#### [Task description]
Could you find every line in the records below that contains the word "Казахстана" and copy it?

#### [The data]
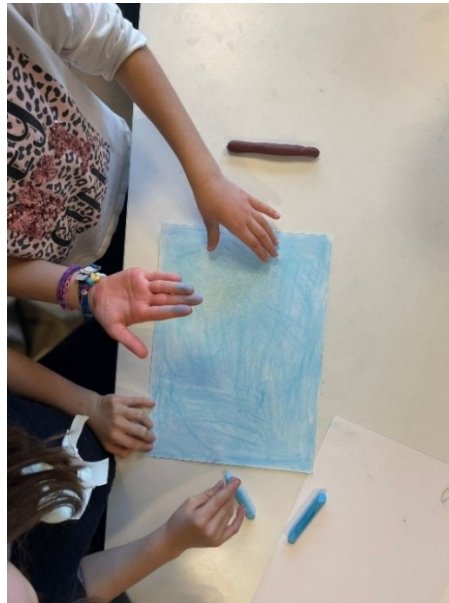
Figura 1 e 2: le ambientazioni: la notte e il giorno.
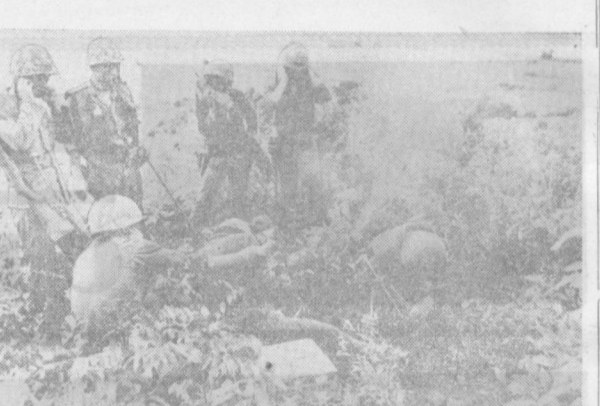
Соединенные Штаты, стремясь проводить в Юго-Восточной Азии политику «защиты против азиатского» и пытаясь придать агрессии в Индонезии видимость колониальной акции, аннулируют войну в азиатских странах. На протяжении ряда лет США выплачивали Таиланду ежегодно 50 миллионов долларов за то, что таиландские власти направляли в Южный Вьетнам дивизию. И сейчас Таиланд готовит и посылает в Южный Вьетнам, Лаос и Камбоджу своих солдат для пополнения поредевших рядов «исследовательского корпуса». В ряде таиландских провинций созданы специальные лагеря, где солдаты проходят ускоренную подготовку перед отправкой на фронт.

растет КОПЕНГАГЕН. На 40 процентов увеличилось в этом году по сравнению с предыдущими годами число тяжких уголовных преступлений в Дании. Об этом сообщила газета «Берлингскетиденде». В интервью, данном корреспонденту газеты, начальник государственной полиции Дании отметил, что речь идет о таких серьезных преступлениях, как кража со взломом, ограбление банков и торговля наркотиками. Преступность растет, несмотря на постоянное увеличение численности полицейского корпуса.
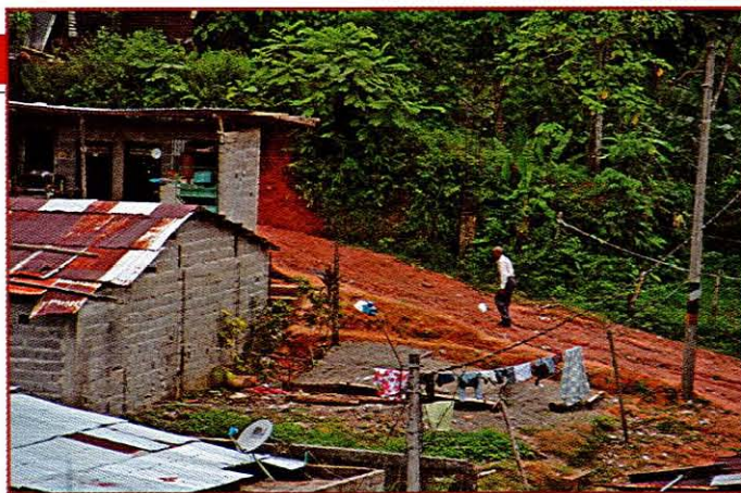
▲ La zona norte, la más poblada y la más pobre de Quibdó, es un objetivo de todos los grupos armados, que reclutan a sus jóvenes.
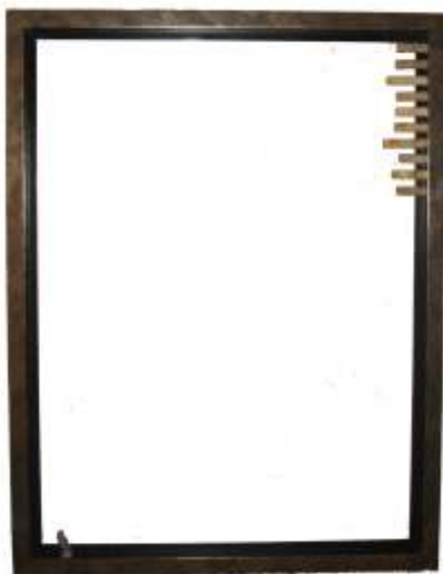
Joc en transició
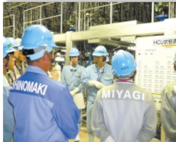
▲3号機原子炉建屋内の水圧制御ユニットなどを確認いただきました
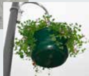
Placement de paniers fleuris
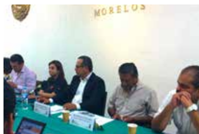
Sesiones de la Comisión de Desarrollo Agropecuario
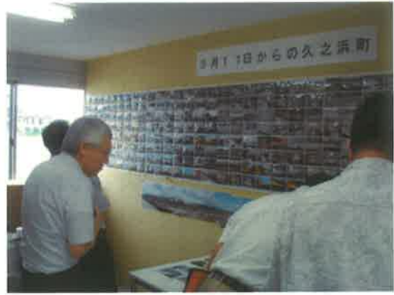
商店街にある展示室
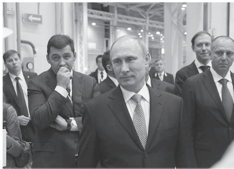
Президент Владимир Путин в сопровождении губернатора Евгения Куйвашева в завершение визита в Свердловскую область 11 ноября посетил завод «Уральские локомотивы» в Верхней Пышме, где в этот день был дан старт производству скоростных электропоездов «Ласточка».

Накануне финального марафона за право проведения «ЭКСПО 2020», на которое также претендуют Дубай (ОАЭ), Измир (Турция) и Сан-Паулу (Бразилия), главы двух государств Владимир Путин и Нурсултан Назарбаев дали высокую оценку Екатеринбургу в ходе X Межрегионального форума сотрудничества России и Казахстана.
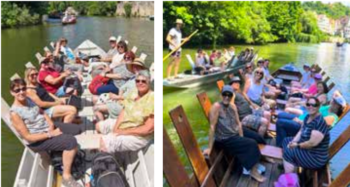
Viel Spaß hatten wir bei der Stocherkahnfahrt!
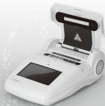
Genelyzer FII Genelyzer FIII

キャノンメディカルシステムズ株式会社 https://jp.medical.canon
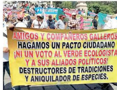
Lanzaron consignas en contra del PVEM

Hicieron un llamado para que no se penalice ni criminalice esta práctica, pues se trata de una tradición
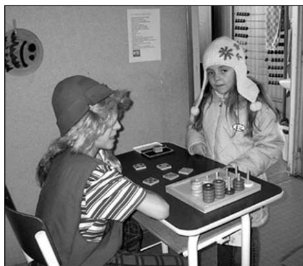
Při zápisu do první třídy osovské školy zkoušel vodník z počtů.

Do příběhu vstoupil Kapsoprásk a jeho pán, kteří začali v lese kácet stromy, stavět pyramidy z pet lahví a skla. Kvůli tomu uletěly Lesíčkovi včelky. Jeho bratranec Vítr ho však přenášel po kraji. Pomáhaly mu i víly Voněnka, Jasněnka a Voděnka, aby společně les zachránili. S pomocí přišly i děti - diváci. Vše dobře dopadlo a včelky se vrátily zpět k Lesíčkovi. Jana FIALOVÁ a žáci 5. třídy
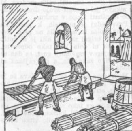
Izdelovanje papirja v starem Egiptu

Perzijsko sveto pismo je bilo bajep napisano na 1200 kravjih kožah, ki so jih dobili od žrtvovanih živali. 2000 let pred Kristusovim rojstvom je živel v mestu Pergamu kralj, ki je odkril, kako se kože strojijo, da so primernejše za pisanje in od takrat govorimo o »pergamentih«.
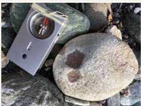
写真3：岩石の中にある六角形の赤い石（ガーネット）

したがって、山城町の大野小学校の下の河原に降りると三好市の他の川では見られないような石をたくさん見つけることができます。その中に、赤色の斑点模様の石があります（写真3）。
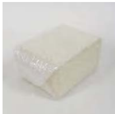
※プチプチ(緩衝材)で包む
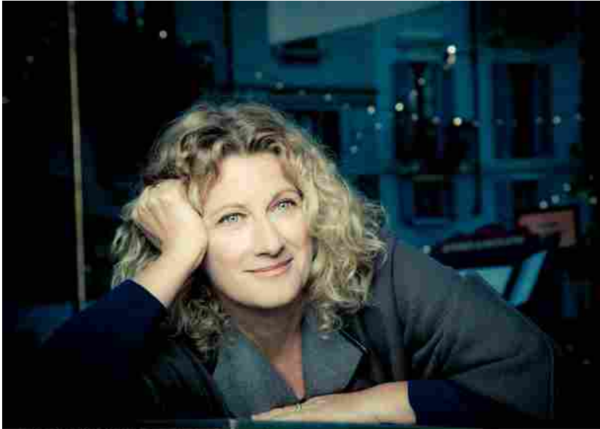
ANGELA FINOCCHIARO

Da venerdì 14 a domenica 16 settembre ritorna Festivalfilosofia che, come sempre, chiama a raccolta gli istituti culturali cittadini per proporre iniziative originali collegate al tema della kermesse filosofica, che quest'anno è "Verità". Sono tante le iniziative in programma per il 2018 nella Biblioteca Delfini e nel chiostro del Palazzo Santa Margherita che la ospita, in corso Canalgrande 103.
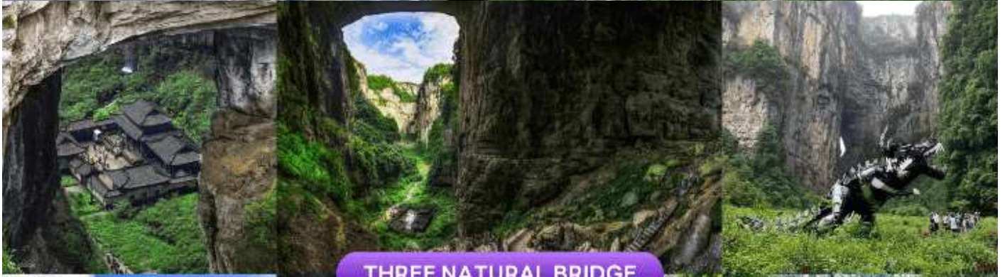
THREE NATURAL BRIDGE
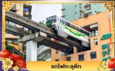
รถไฟฟ้า-ลู่ตัก
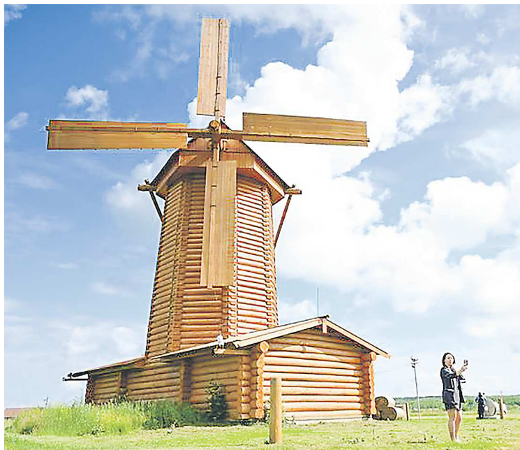
Мельница, построенная по технологиям XVI века, является частью туристической инфраструктуры

данской областей. Помимо семьи на ферме трудятся порядка 30 сотрудников, это как сыродельцы, так и работники фермы. В основном здесь работают местные жители, но не так давно к коллективу присоединились супруги, которые приехали из Казахстана.
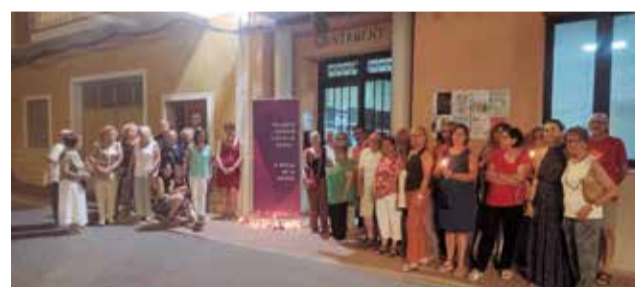
Vigília contra la violència masclista a Olocau.
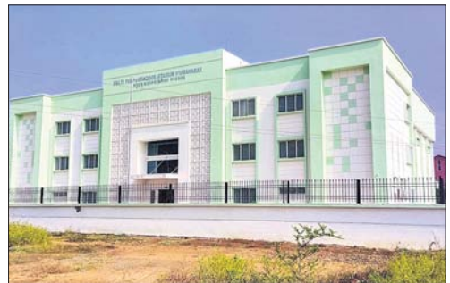
ନବ ନିର୍ମିତ ଇନିଟୋର ଷ୍ଟାଡ଼ିୟମ ବନ୍ଦ ପଡ଼ିଛି ।
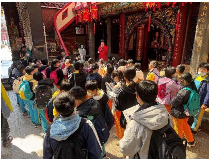
圖 3.說明：活動進行中，在景福宮內學生聆聽導覽老師解說，並認真作筆記。

#### [Output of the task]
Накануне финального марафона за право проведения «ЭКСПО 2020», на которое также претендуют Дубай (ОАЭ), Измир (Турция) и Сан-Паулу (Бразилия), главы двух государств Владимир Путин и Нурсултан Назарбаев дали высокую оценку Екатеринбургу в ходе X Межрегионального форума сотрудничества России и Казахстана.
данской областей. Помимо семьи на ферме трудятся порядка 30 сотрудников, это как сыродельцы, так и работники фермы. В основном здесь работают местные жители, но не так давно к коллективу присоединились супруги, которые приехали из Казахстана.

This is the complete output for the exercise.